Vous pourriez aussi continuer de la faire tourner, mais gardez à l’esprit qu’elle a eu recours à la communication ouverte à ce sujet, et ce ne sera donc pas la dernière fois que vous en entendrez parler. Vous pourriez également la laisser purement et simplement tomber. Vous pourriez aussi désirer persévérer dans votre relation avec elle, mais la laisser « refroidir » un peu et revenir vers elle après quelques semaines. Encore une fois, cela semble contre-intuitif, mais cette rétention d’attention augmentera considérablement sa valeur pour elle, ou alors la fera disparaître tout simplement, auquel cas cela n’en valait pas la peine et vous ne disperserez pas votre temps et vos efforts à conquérir une femme avec moins de 100 % d’intérêt pour vous.
La confiance découle des options.
Ne voyez pas la théorie des assiettes comme une technique de filtrage, mais plutôt comme un moyen de renforcer votre confiance en vous. Si vous deviez monter sur le ring face à un boxeur professionnel là maintenant, ce serait probablement du suicide pour vous. Mais entraînez-vous pendant quelques années, enchaînez les rounds contre d’autres adversaires, gagnez quelques combats, et vous serez probablement assez confiant dans vos performances passées pour savoir que vous pouvez à présent lui tenir tête sur le ring. La confiance en soi découle des options non-exclusives que vous tenez dans votre main à un instant T, et de la capacité à avoir généré avec succès ces options par le passé.
Ce n’est pas une question de chiffres, mais de non-exclusivité. L’objectif n’est pas d’accumuler autant de femmes que possible afin de filtrer la plèbe et de trouver la « perle rare ». Cette mentalité est même précisément la clé du désastre. Il n’existe pas de « Femme de Qualité », c’est une idéalisation.

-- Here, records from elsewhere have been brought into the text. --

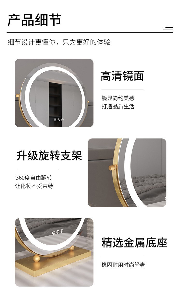 | Colores | Blanco 30cm de diámetro enchufable (girable) 3 tonos de luz,Negro 30cm de diámetro enchufable (girable) 3 tonos de luz,Dorado 30cm de diámetro enchufable (girable) 3 tonos de luz,Blanco 30cm diámetro recargable (girable) 3 tonos de luz,Negro 30cm diámetro recargable (girable) 3 tonos de luz,Oro 30cm diámetro recargable (girable) 3 tonos de luz,Blanco 40cm de diámetro enchufable (girable) 3 tonos de luz,Negro 40cm de diámetro enchufable (girable) 3 tonos de luz,Dorado 40cm de diámetro enchufable (giratorio) 3 tonos de luz,Blanco 40cm diámetro recargable (girable) 3 tonos de luz,Negro 40cm diámetro recargable (girable) 3 tonos de luz,Oro 40cm diámetro recargable (girable) 3 tonos de luz,Blanco 50cm de diámetro enchufable (girable) 3 tonos de luz,Negro 50cm de diámetro enchufable (girable) 3 tonos de luz,Dorado 50cm de diámetro enchufable (girable) 3 tonos de luz,Blanco 50cm diámetro recargable (girable) 3 tonos de luz,Negro 50cm diámetro recargable (girable) 3 tonos de luz,Oro 50cm diámetro recargable (girable) 3 tonos de luz,Espejo blanco de 30cm de diámetro sin lámpara HD (giratorio),Negro 30cm de diámetro sin lámpara HD espejo (giratorio),Espejo HD sin lámpara de 30cm de diámetro dorado (giratorio),Espejo blanco 40cm de diámetro sin lámpara HD (giratorio),Negro 40cm de diámetro sin lámpara HD espejo (giratorio),Espejo HD sin lámpara de 40cm de diámetro dorado (giratorio),Espejo blanco de 50cm de diámetro sin lámpara HD (giratorio),Negro 50cm de diámetro sin lámpara HD espejo (giratorio),Espejo de alta definición sin lámpara de 50cm de diámetro dorado (giratorio) |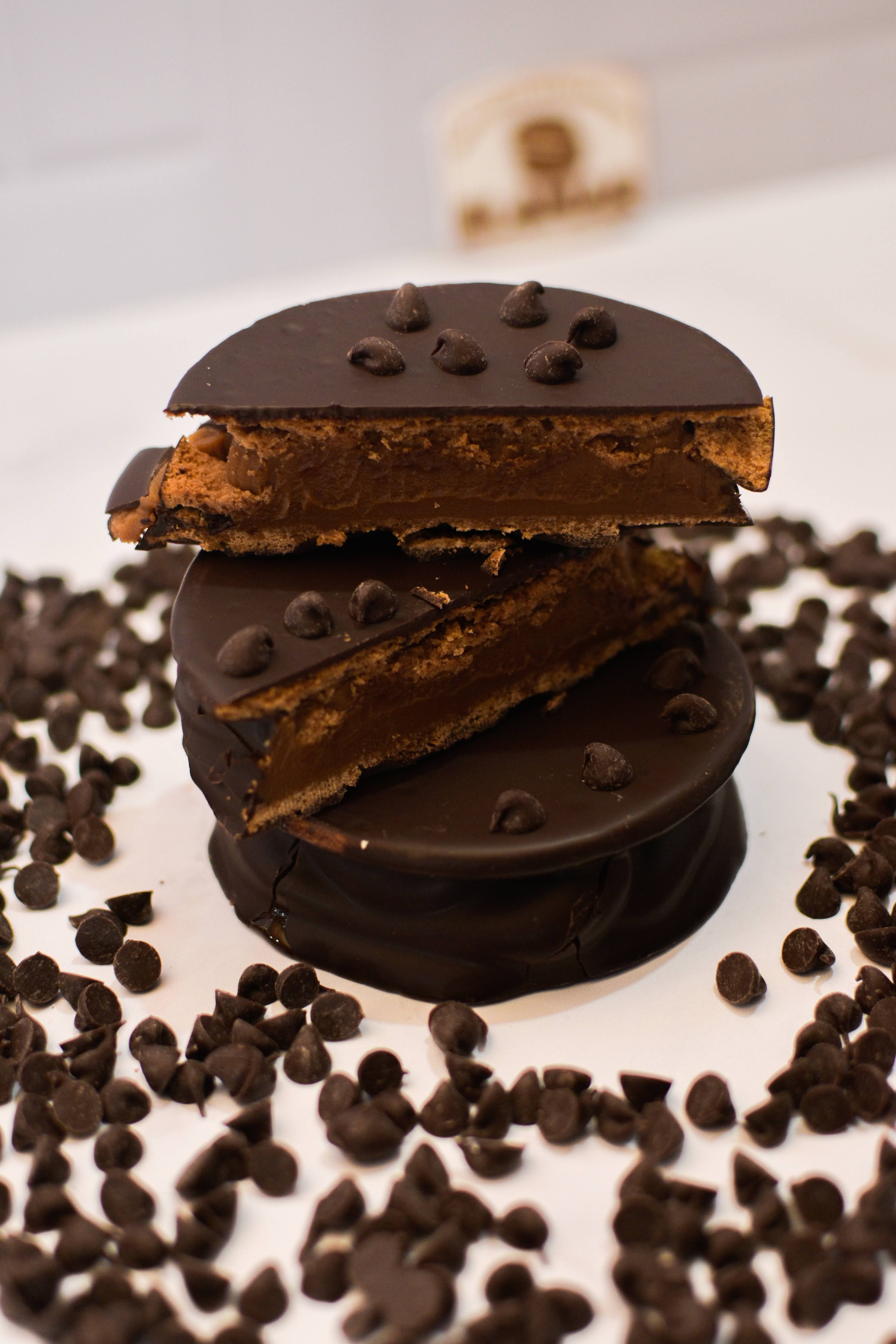 Alfajor gigante de dulce de leche bañado en chocolate semiamargo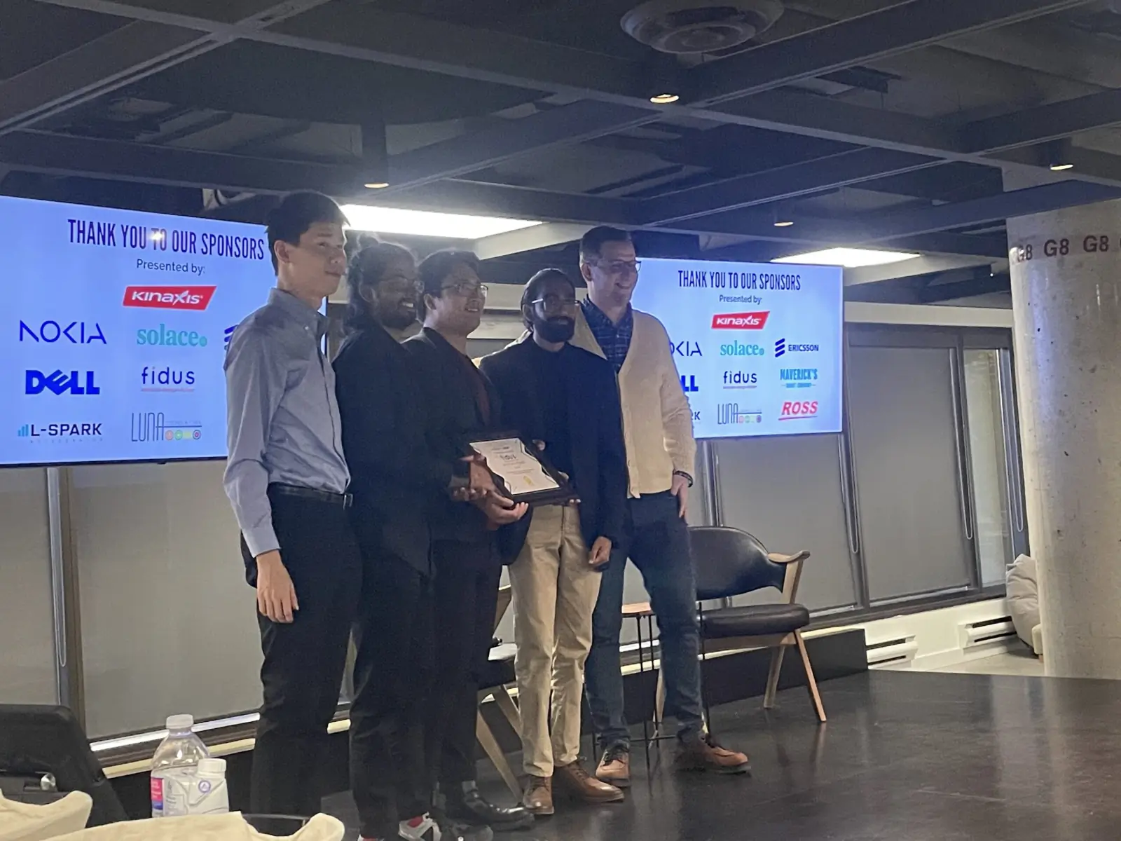 Third place team GreenSense won a $500 cash prize donated by Fidus Systems presented by Kyry Kryvorucko. The team members, Dominador Ibanez, Karthikeya Saligram, Kelvin Ling, and Neel Patel, boldly began their presentation with “you’ve heard the problems. Now here’s the solution.” It promised to use 5G and IoT to properly track emissions at data centres, making them more sustainable, providing metrics on how to reuse heat created from servers in data centres.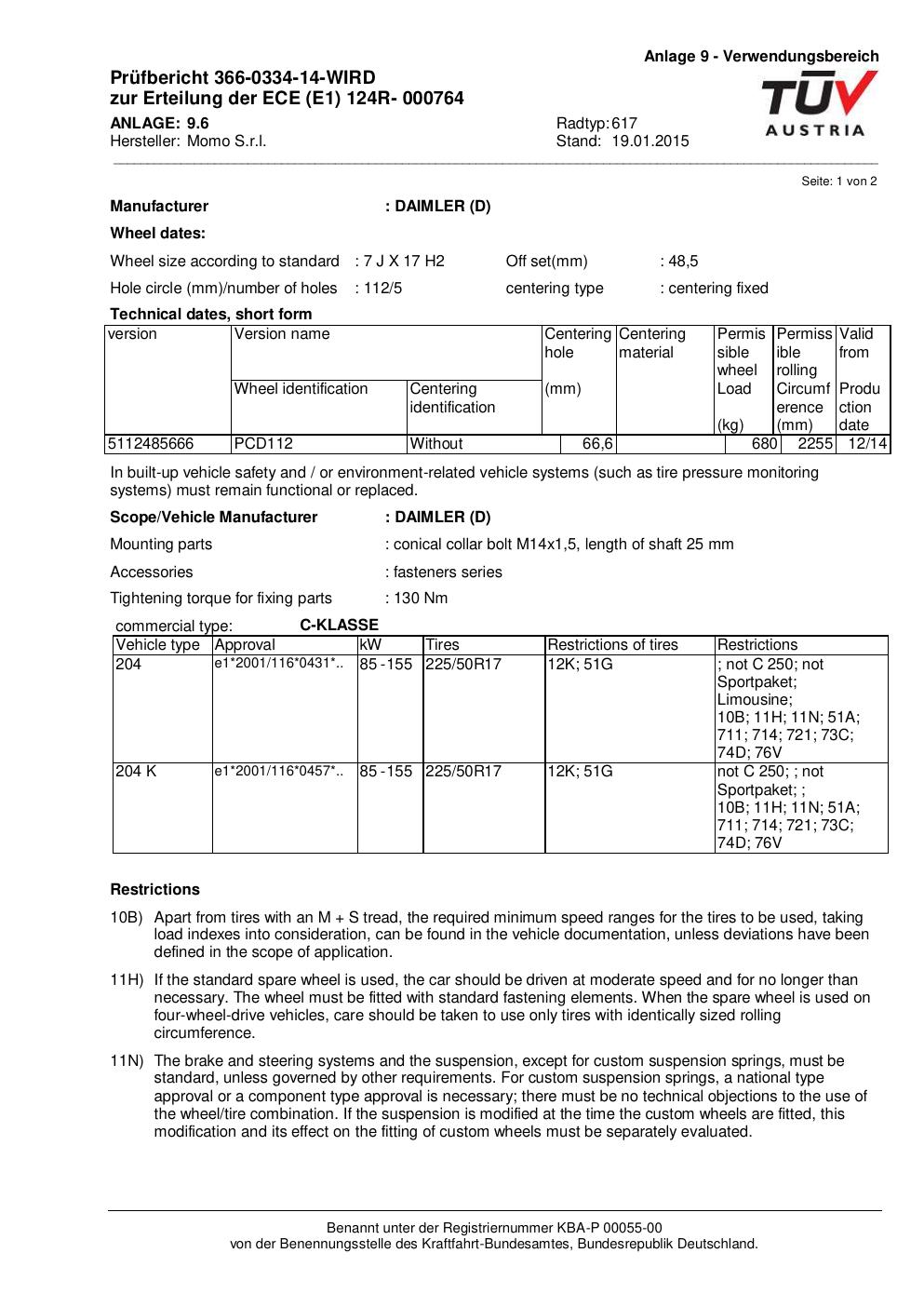 Felgengutachten / ECE für Alufelgen Momo QUANTUM (7Jx17 ET 0, Mittenloch 0 mm) mit KBA 000764 (Zertifikatsnummer 366-0334-14-WIRD__Anlage_6). Hier kostenlos als PDF herunterladen. Der Download-Link ist 24 Stunden gültig und kann bis zu zwei Mal verwendet werden.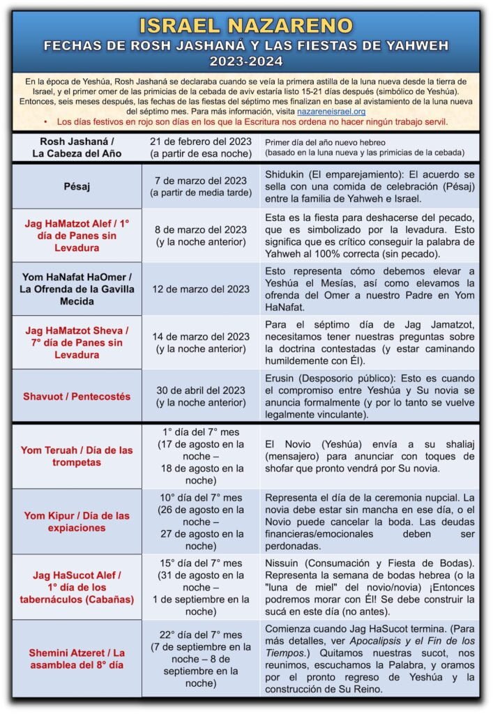 CALENDARIO OFICIAL DE LAS FIESTAS DEL 7º MES: Israel Nazareno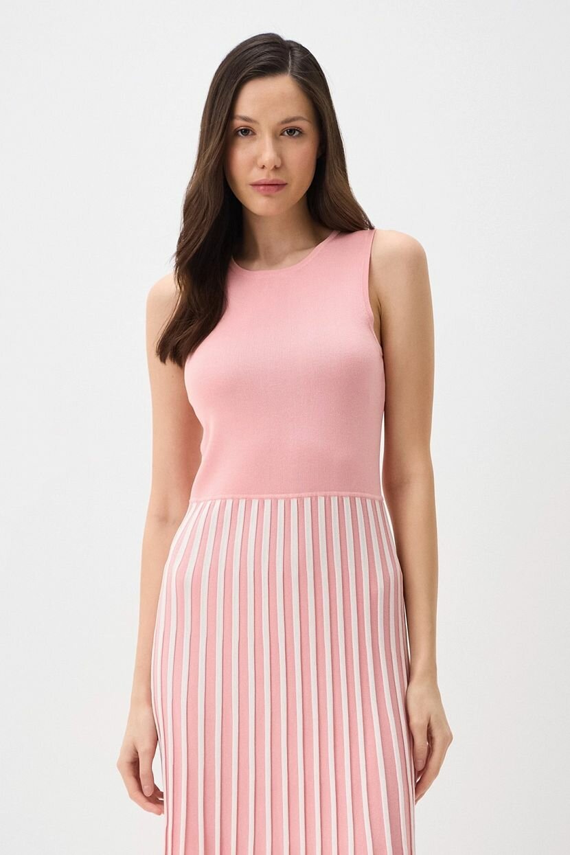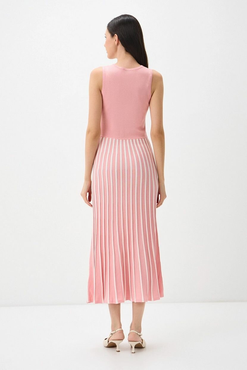 Женское платье длины миди из смесовой вискозной пряжи (89% вискозы и 11% полиамида). Дышащий материал с включением натуральных волокон обеспечивает комфорт и свободу движений. Модель имеет полуприлегающий крой с облегающим лифом и расклешенной юбкой с эффектом гофре для романтичного элегантного образа. Платье длиной ниже колена не предусматривает застежек и подкладки, отлично стилизуется в повседневных кэжуал образах для прогулок и свиданий. Двухцветный дизайн в розовом оттенке и однотонный для варианта в молочном цвете. Доступно в больших размерах. Рекомендуется ручная стирка при температуре не более 30°C для сохранения качества ткани.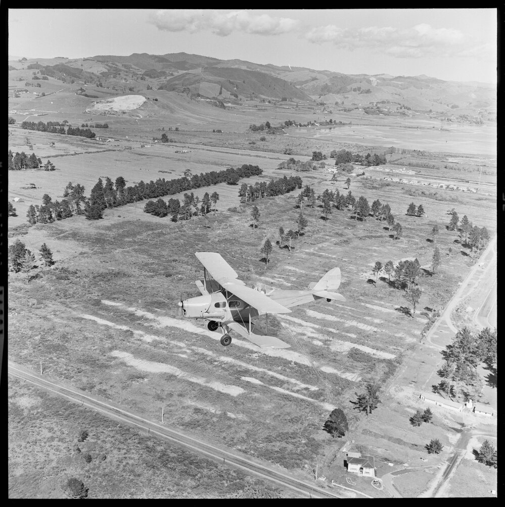 The De Havilland Fox flying over Pāpāmoa (11 April 1972). Pae Korokī, accessed 16/04/2026, https://paekoroki.tauranga.govt.nz/nodes/view/94157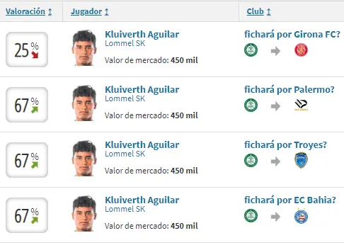Girona, Palermo, Troyes y EC Bahía son los clubes que estarían interesados en contratar a Kluiverth Aguilar, el peruano fue notificado que en el Lommel SK no iba a seguir más, esto por decisión del City Group que lo ve como una opción para salir de la institución en busca que pueda llegar a tener un nuevo rumbo, así que ya se ha conocido a estos 4 equipos a los que podría terminar de llegar según Transfermarkt.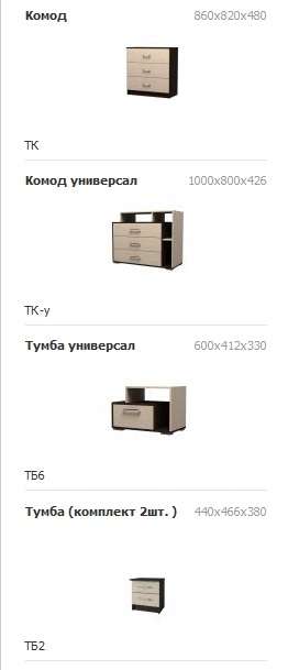 Цена указана за комплект на фото: Комплектация: (ШхВхГ).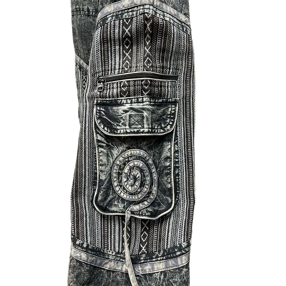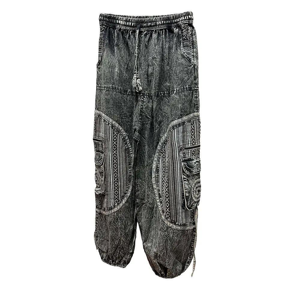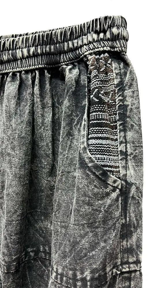Mineral washed Black Knee Patch elastic Bottom Pants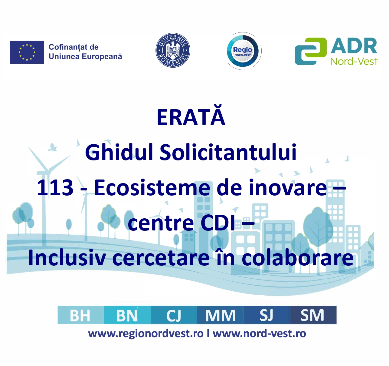 ERATĂ pentru Ghidul Solicitantului 113 – Ecosisteme de inovare – centre CDI – Inclusiv cercetare în colaborare și anexelor aferente apelului de proiecte PRNV/2025/113/1 – din cadrul Programului Regional Nord-Vest 2021-2027.

Certaines femmes sont meilleures que d’autres, bien sûr, mais vous ne trouvez pas la femme parfaite, vous créez la femme parfaite. Il n’y a pas d’aiguille dans la botte de foin, croire cela témoigne d’une mentalité de pénurie/unicisme. Le but est de vous modeler, vous et toute femme avec laquelle vous envisagez l’exclusivité, afin de faire coller la relation à VOTRE perspective à vous. Ce processus devrait avoir lieu avant de vous engager dans l’exclusivité, pas après. Le monde est rempli d’hommes qui passent leur vie entière à essayer de rattraper leurs erreurs, de reprendre le contrôle du cadre de leur relation et d’être le mâle qu’ils auraient dû incarner bien avant d’entrer dans une relation de long terme. Ils passent la majeure partie de leur LTR/mariage à essayer de prouver qu’ils méritent le respect de leur compagne, alors qu’ils auraient mieux fait de laisser cette conclusion se faire bien avant l’engagement, grâce à une bonne dose d’anxiété compétitive.